• [Exercise goal]
Without including the images, transcribe each record precisely as it appears below.

• [Records for this task]
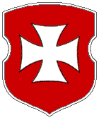 Coat of Arms of Homiel
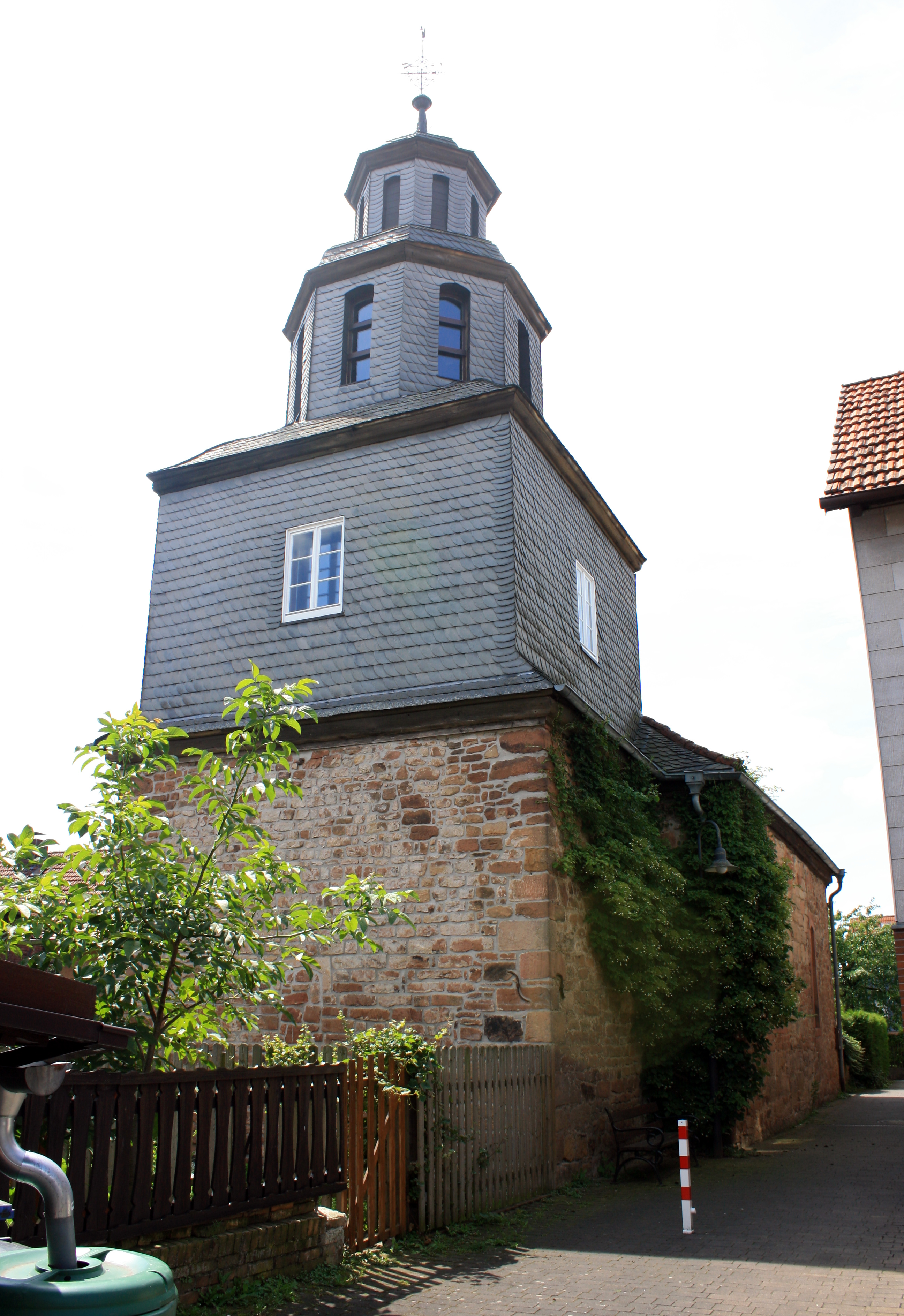 The former church in Weimar (Lahn), Niederweimar
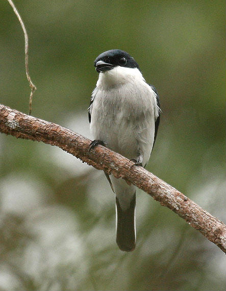 A Black-winged Flycatcher-shrike (Hemipus hirundinaceus) Bako National Park, Sarawak, Borneo, Malaysia 28 March 2008
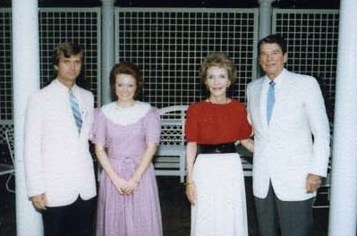 President Ronald Reagan, Nancy Reagan, Lee Atwater, Sally Atwater, Roger Stone, Ann Stone, (Not in all Photos)
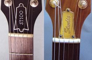 Ibanez Studio series truss rod covers

• [Answer box]
 Coat of Arms of Homiel
 The former church in Weimar (Lahn), Niederweimar
 A Black-winged Flycatcher-shrike (Hemipus hirundinaceus) Bako National Park, Sarawak, Borneo, Malaysia 28 March 2008
 President Ronald Reagan, Nancy Reagan, Lee Atwater, Sally Atwater, Roger Stone, Ann Stone, (Not in all Photos)
 Ibanez Studio series truss rod covers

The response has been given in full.